Happy Friday the 13th, dear readers.  This week’s horrific development was the Hostess bankruptcy – the company’s second in recent years.  The very idea of Ding Dongs and Suzy Q’s – to say nothing of Twinkies – succumbing to capitalism’s merciless machinations is heartbreaking.  If government can subsidize public transportation, the arts, and other “important” societal goods, government can damn-well subsidize Ho-Ho’s.  Si tu puedes, Obama. 

In light of it being Friday the 13th and as a lamentation on the Hostess news, I offer this sonic gem by punk rock legends Social Distortion.  Social D is the second-best thing to come out of Orange County, California – the best thing being whatever road gets you out of Orange County the fastest.   

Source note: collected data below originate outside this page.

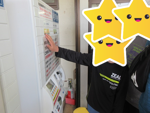 スタッフから財布を受け取って、販売機でチケットを購入です。
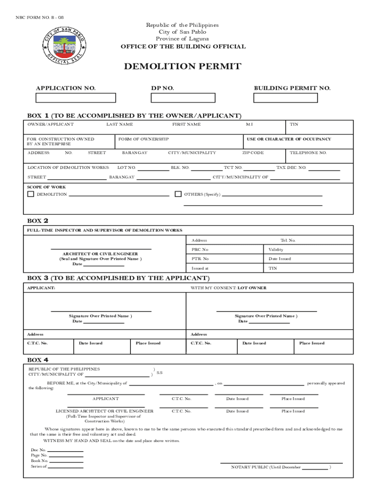 OFFICE OF THE BUILDING OFFICIALDEMOLITION PERMIT
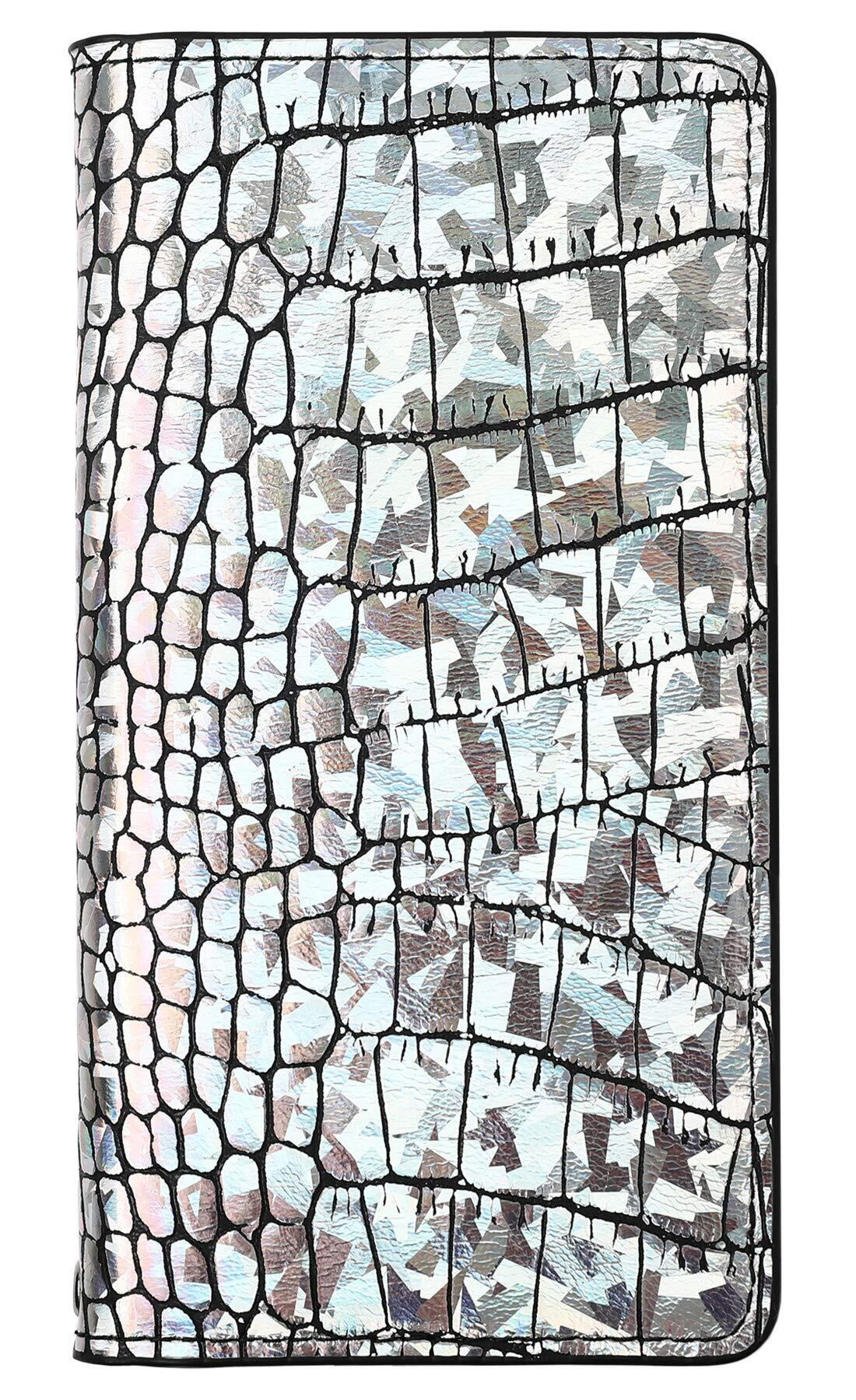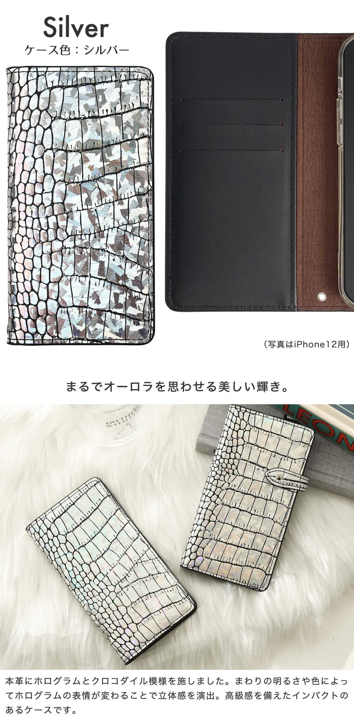 iPhone 15 ケース 本革 ホログラム クロコダイル模様 ワニ柄 スマホケース 手帳型 スマホ カバー カード入れ ベルトなし マグネット不使用 ストラップホール (iPhone15, シルバー) | impsmile
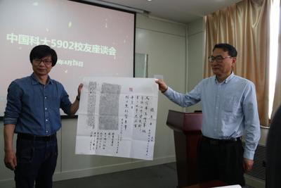 会上,5902校友代表向学校和物理学院赠与书法作品。
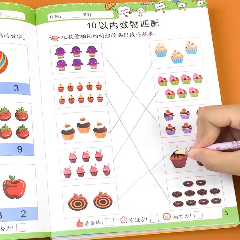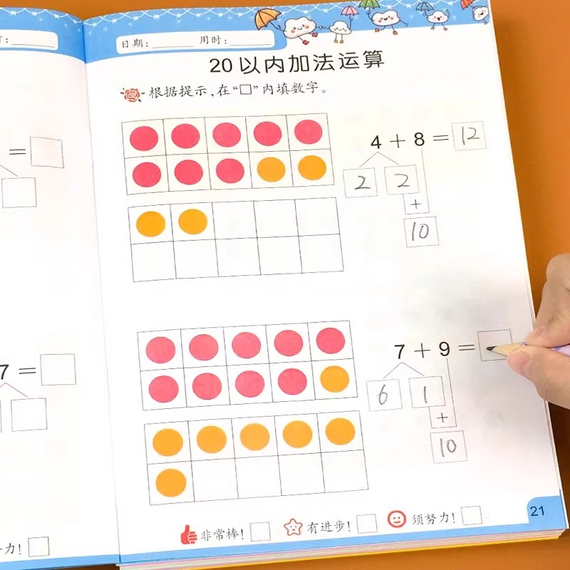 幼小衔接发现数字认识数字十格方阵教具数字运算凑十法破十法思维逻辑 6岁幼儿趣味数学练习册一日一练 数感启蒙练习本全套3册
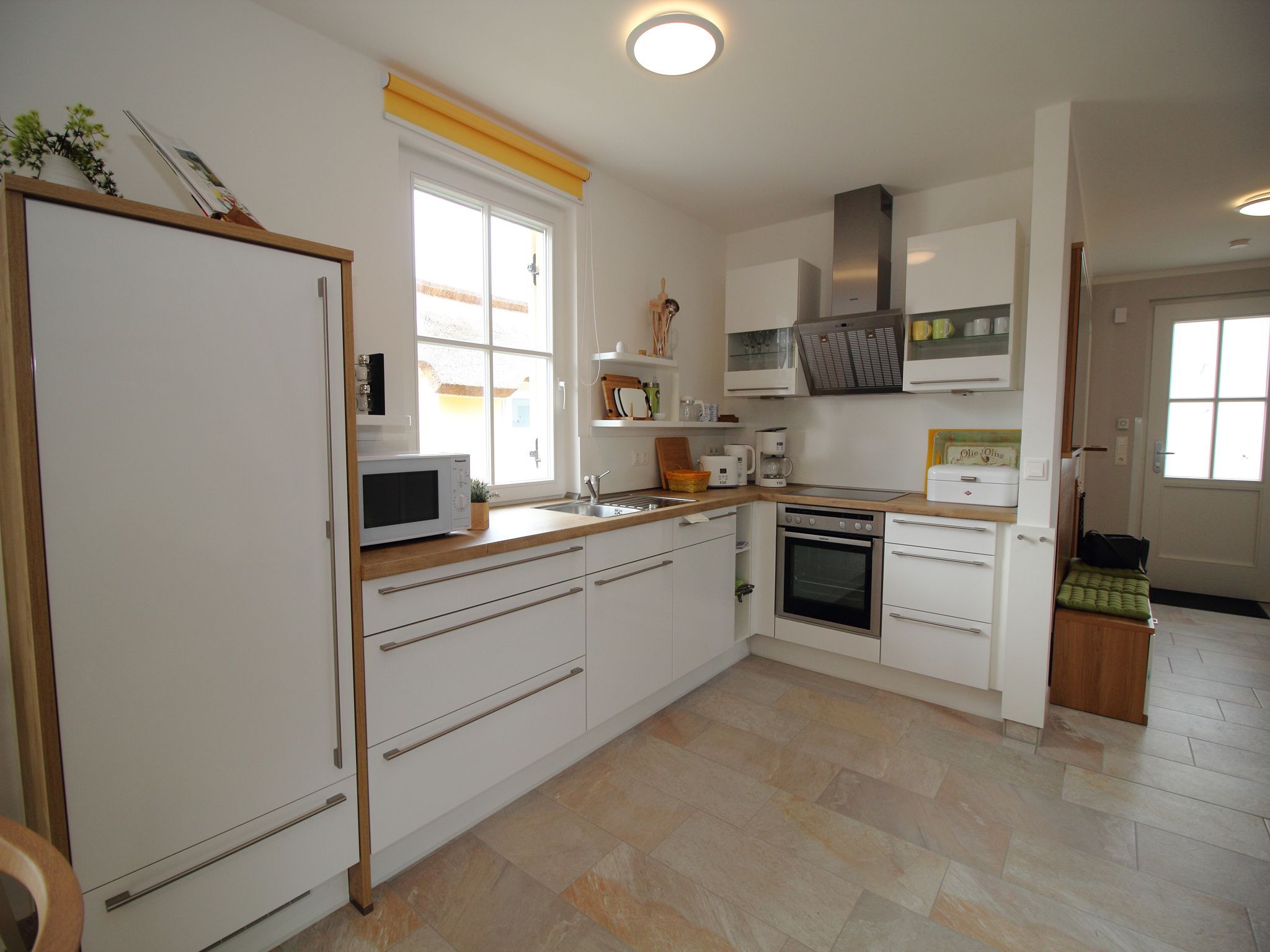 • eine hochwertig ausgestattete große Küche, Ceranherd mit Backofen, Geschirr­spüler, Mikrowelle, großer Kühlschrank mit Ge­frier­fach, Kaf­fee­ma­schi­ne, Mixer, Toaster und Wasserkocher, sowie alle notwendigen Utensilien und viele Extras (z. B. Kindergeschirr, Kinderbesteck).
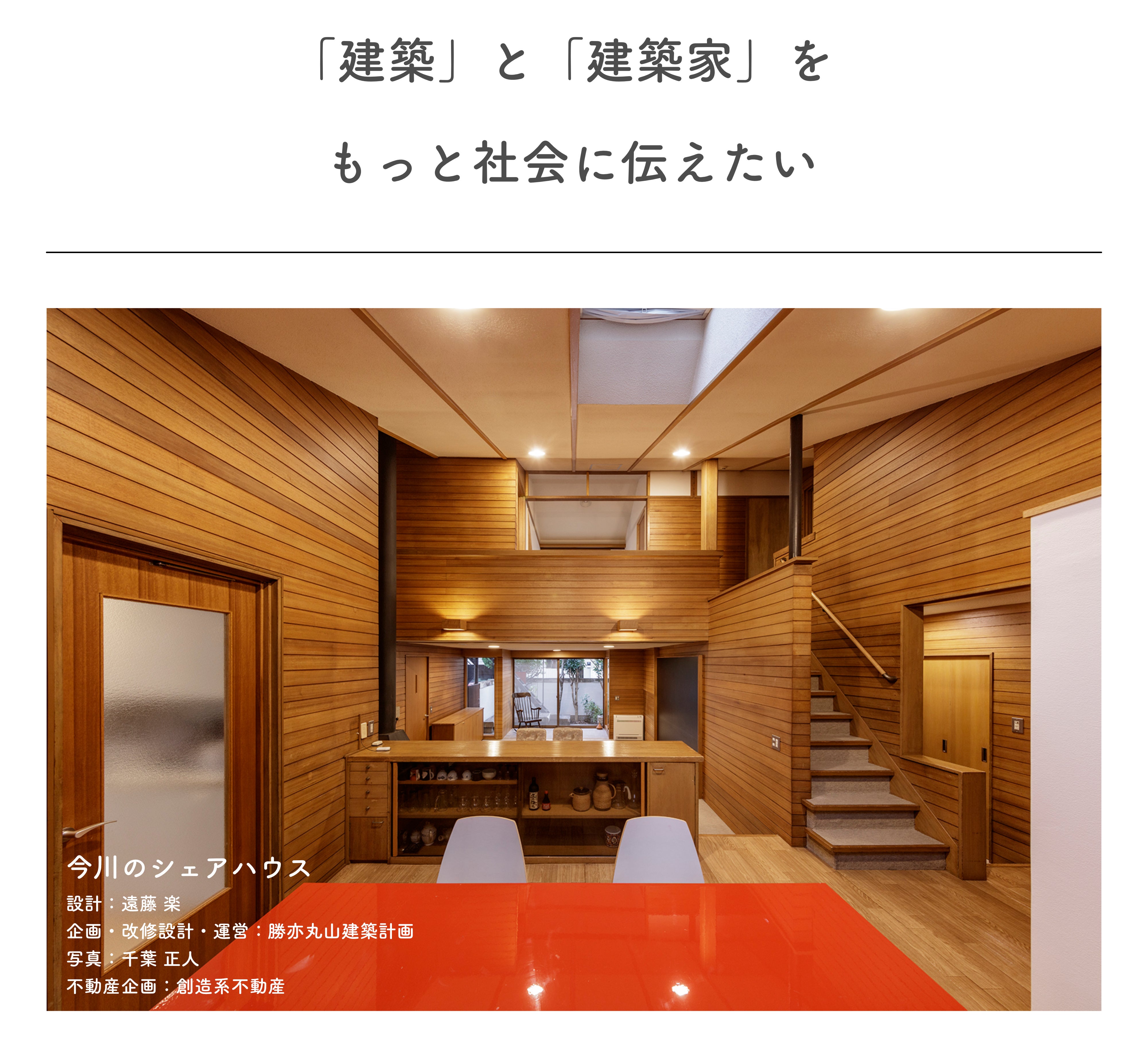 また二次流通の市場を整えることで、「建築家の設計する建築を建てることの意味」を高めることを目指しています。

I didn’t really digress up there so much as I never got on topic.  Sorry.  Here’s this week’s public interest news in summary:

  • Montana’s Office of the Public Defender facing criticism and may be short on resources at it tries to replace its retiring chief;     
  • NOLA’s defender says they don’t have money to compensate outside counsel – judge not happy;
  • Dayton’s pro bono clearinghouse feels the caseload strain;
  • A report critical of indigent defense funding in PA is released; one county defender stops taking some cases;
  • Brevard County, FL kicks $250,000+ to the local legal services program;
  • A Charleston Gazette editorial looks at Legal Aid of West Virginia’s funding woes;
  • a newly-created federal defender’s office, and a little bit of attorney hiring, in Northern Alabama 

The summaries:

  • 1.10.12 – several days ago the New Orleans Public Defender announced that, due to fiscal woes, his office would not be able to pay outside counsel to handle cases that the PD couldn’t.  This has of course caused a stir within the criminal defense bar and the court system. From the Times-Picayune:  “The new austerity plan at the Orleans Parish public defender’s office has started to make waves, including one that lapped into a courtroom Tuesday on the eve of a death penalty trial. The plan, to cut off all payments to private lawyers hired by the office, drew a biting response from Criminal District Judge Lynda Van Davis, who upbraided Derwyn Bunton, the chief public defender.”

  

  • 1.7.12 – in Florida, Brevard County Legal Aid got some good funding news: “The county will pay $256,500 to provide low-income residents free legal services this year, but Brevard County commissioners want the majority of those services to benefit victims of domestic violence and children.”  Like a lot of providers, Legal Aid is seeing many more clients than it can help.  Legal Aid’s currently turning away 8 of every 10 who otherwise qualify for services, according to Florida Today.
  • 1.5.12 – a Charleston Gazette editorial argues that with Legal Aid of West Virginia facing $650,000 in funding cuts ($500,000 of that being a cut in LSC funding), the state legislature and those in the justice system must find additional funding.
  • 1.5.12 – the  Birmingham News reports that a new federal defender’s office is opening in the Northern District of Alabama, which had been “one of only four federal…districts, out of 94 nationwide, that didn’t have some form of public defender office…”  Federal Public Defender Kevin Butler, is looking to hire about six assistant defenders, along with investigators and support staff. “Butler said he will focus on hiring attorneys experienced in federal criminal defense work. But he said there will be room for hiring younger attorneys ‘who have shown a commitment to equal protection under the law’.”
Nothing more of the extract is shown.